Yes, but also no.
The Civil Service runs on menial tasks, the public sector could trim down by - and I’m pulling a figure out of thin air here - at least 20% if a lot of the superfluous admin grade jobs were automated or trained on.
That said, nobody can hallucinate and produce wildly neutral and self-defeating policies quite like the civil service. That’s something we’ll intuitively beat AI at for centuries yet.
It will be funny when they eventually decide the AI bureaucracy is the problem like they are blaming the civil service now. Nothing to do with their disastrous unworkable policies (Rwanda), pandering to the extreme elements of their party (Truss) or their complete ineptitude (pretty much everything else)…
One good thing that happened in recent years is the digital push and gov.uk websites. I have to say, getting a driving licence, renewing a passport, finding information on lots of topics has massively improved. Carry on with this, not wasting money on untested technology. Of course, that’s silly for me to say. The money will all go to friends of the party with nothing gained.

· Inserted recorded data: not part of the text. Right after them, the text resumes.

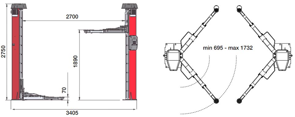 Подъемник TITAN P 240 EX с грузоподъемностью 4 тонны, специально разработанный для работы как с небольшими автомобилями, как SMART, так и с длинномерами, как Mercedes Sprinter. Минимальная высота подъемных рычагов составляет всего 70 мм, чтобы безопасно работать с автомобилями с особо низким кузовом. Он оснащен 4 удлиненными четырехступенчатыми симметричными рычагами и двумя двигателями (по одному для каждой колонны), управляемыми электронной картой для управления синхронностью привода двух колонн.
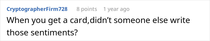 The wife didn’t want to hold a grudge but still felt hurt: “This kind of thing means a lot to me so it’s just upsetting”
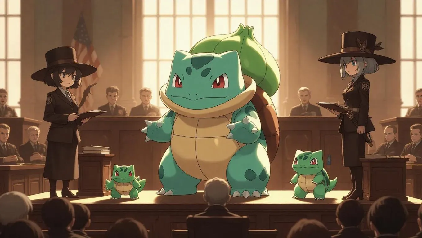In a minimalist courtroom, Bulbasaur stands accused of war crimes, dressed in a rugged adventurer outfit. Oak, his loyal lawyer, stands confidently by his side, while Sabrina, the prosecutor, glares with fierce intelligence. The surreal and absurd atmosphere is heightened by the presence of various Pokémon witnesses and a judge presiding over the proceedings. Soft, muted lighting casts gentle shadows, emphasizing the gravity of the situation while adding a touch of whimsy. The scene is rendered in a simplistic artistic style, blending the mundane with the fantastical.
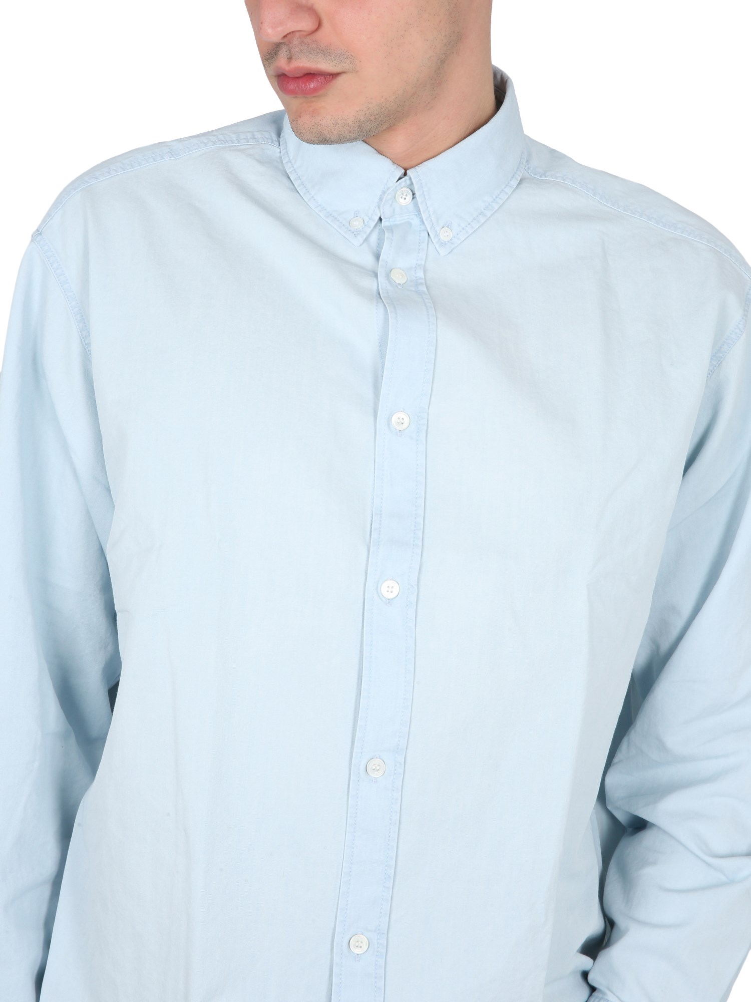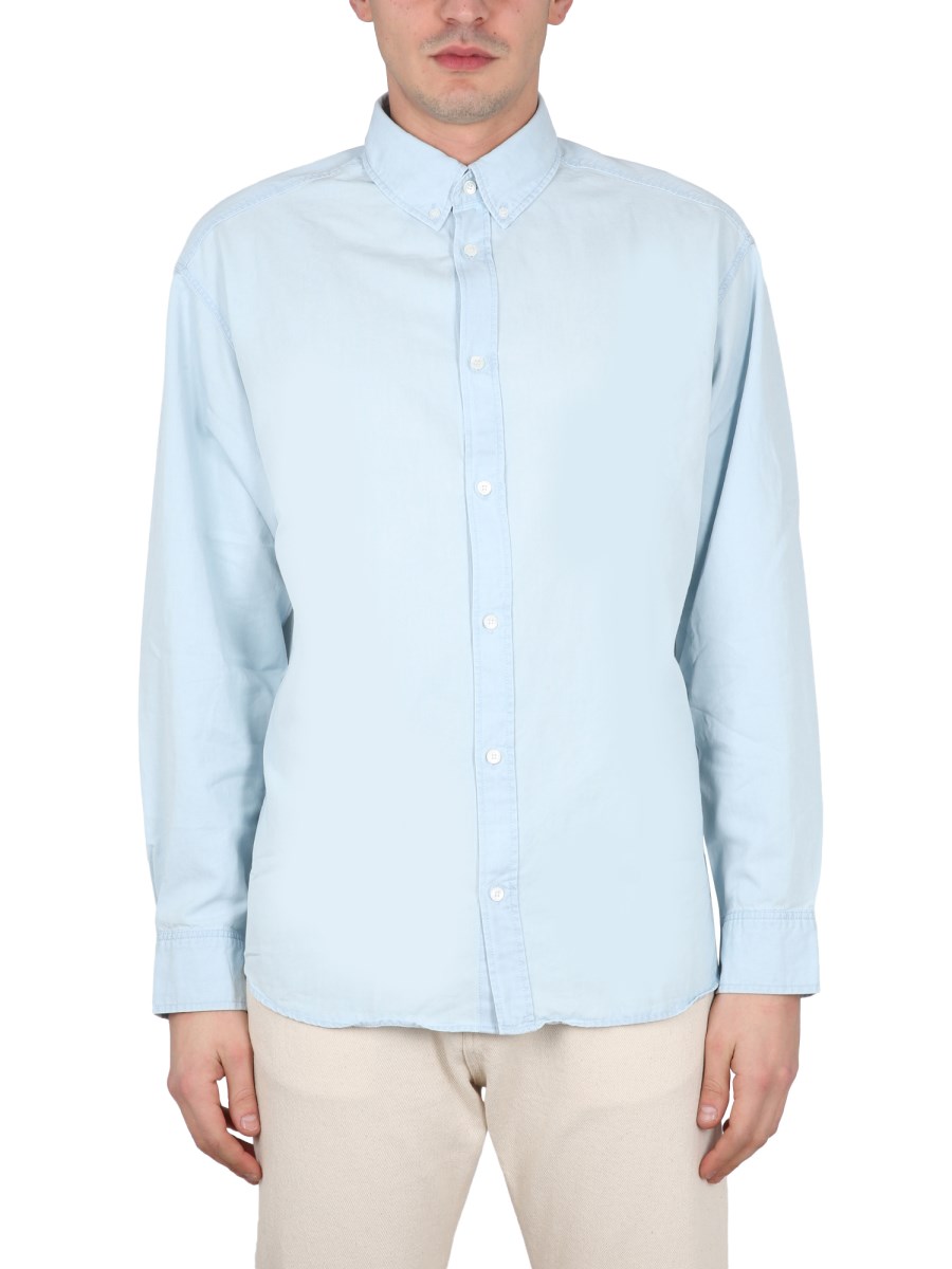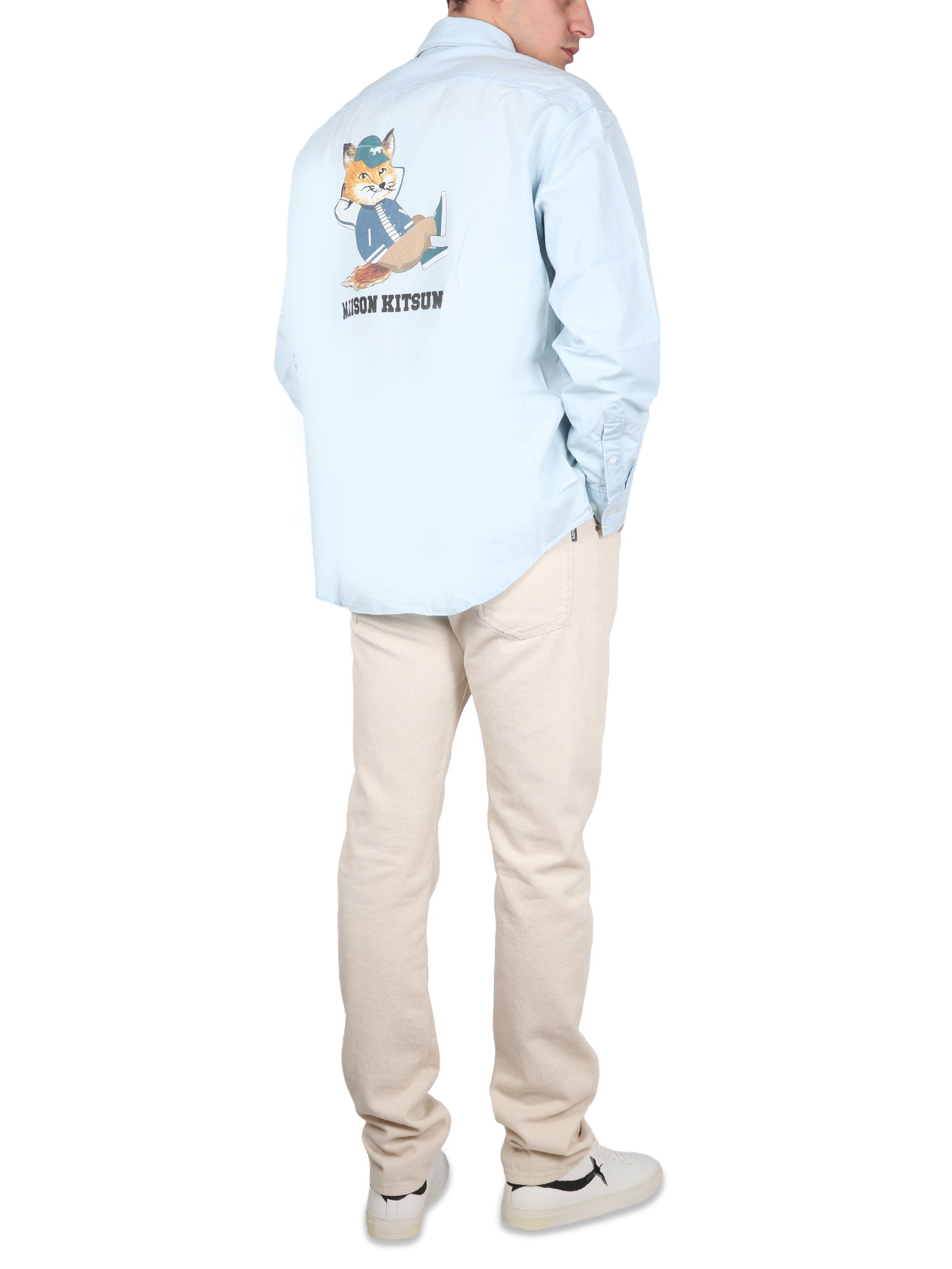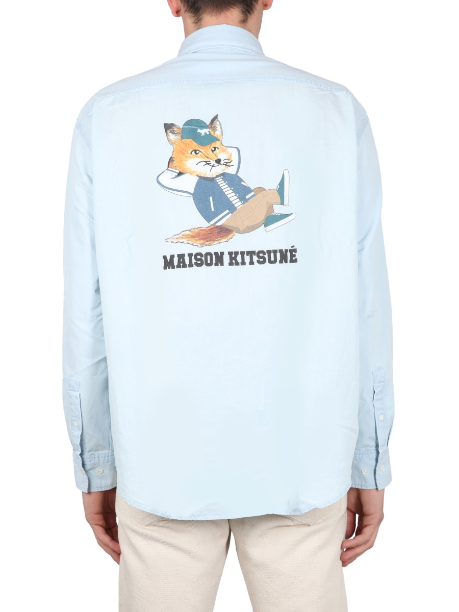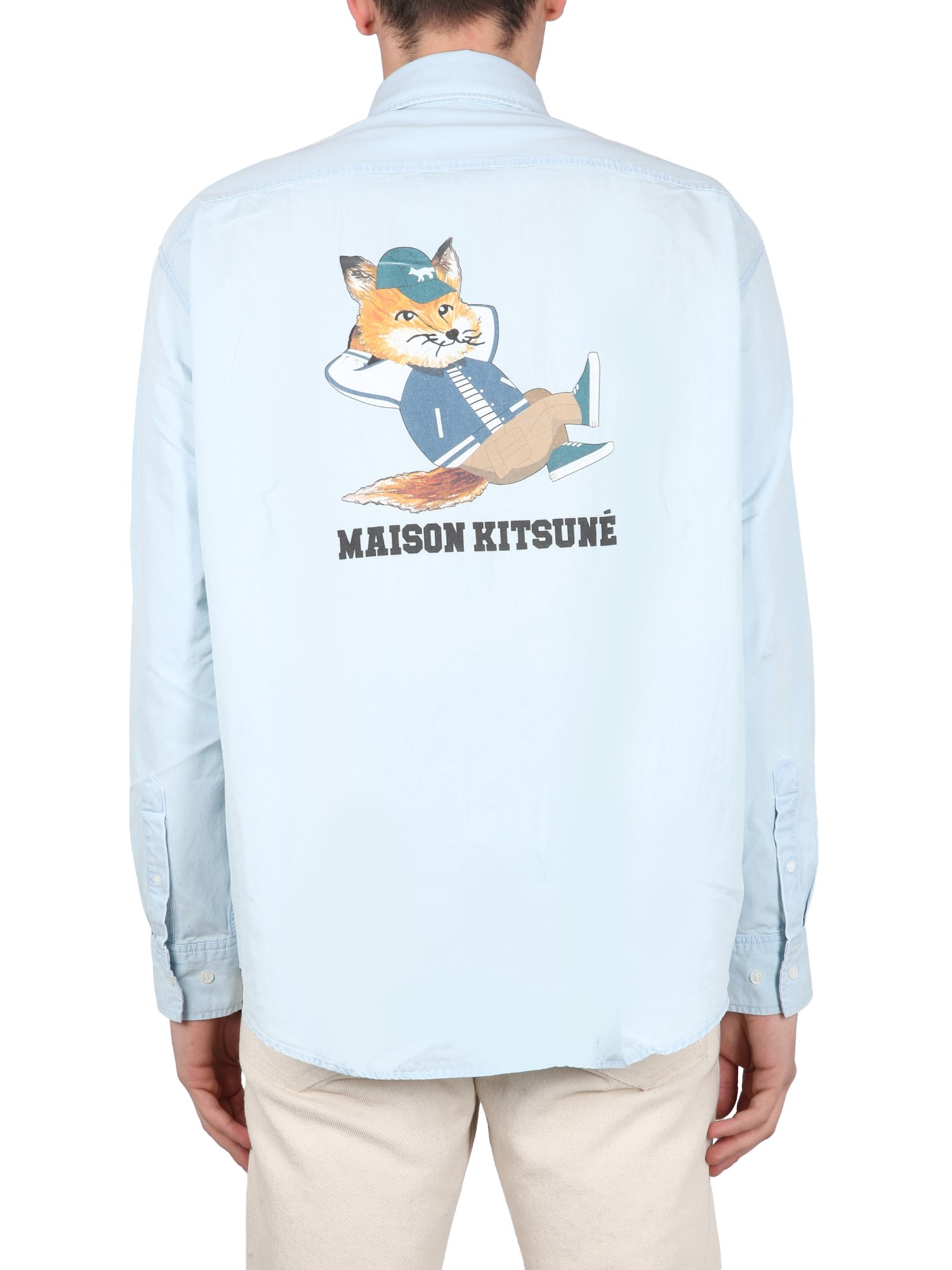 The shirt from Maison Kitsuné features a classic collar, front button closure, and regular fit. Made of 100% cotton, the shirt is durable and comfortable to wear. The classic collar is a standard style that fits most. It has a button closure that's easy to button and keeps the shirt looking crisp and clean.
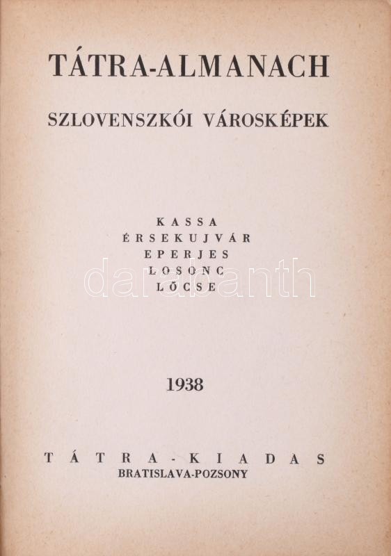 Tátra-Almanach. Szlovenszkói városképek. Kassa, Érsekújvár, Eperjes, Losonc, Lőcse. Tátra-könyvek. I. sorozat. 3. kötet. Pozsony, 1938, Tátra-Kiadás. Kiadói egészvászon-kötés kisebb sérülésekkel.

This is the best summary I could come up with:
The UK government will trial large language models to help ministers analyze and draft documents as part of a push to overhaul public services using AI.
In a speech on Thursday, deputy prime minister Oliver Dowden called the technology a potential “silver bullet” to reduce the burden of routine admin tasks and make civil servants more productive.
More worryingly, perhaps, is Dowden’s idea of crime-prevention algorithms that could “direct police to where they are most needed” and “spot patterns of criminality to discover culprits quicker than ever.”
“This is not about replacing real people with robots, it is about removing spirit-sapping, time-wasting admin and bureaucracy freeing public servants to do the important work that they do best and saving taxpayers billions of pounds in the process,” Dowden claimed.
The UK government has hired data scientists, engineers, and machine learning experts for its Incubator for AI, dubbed i.AI, a group dedicated to exploring how the technology can improve public services.
i.AI is piloting ten different initiatives, including using algorithms to flag fraudulent transactions in pharmacies and moving asylum claimants out of hotels more efficiently.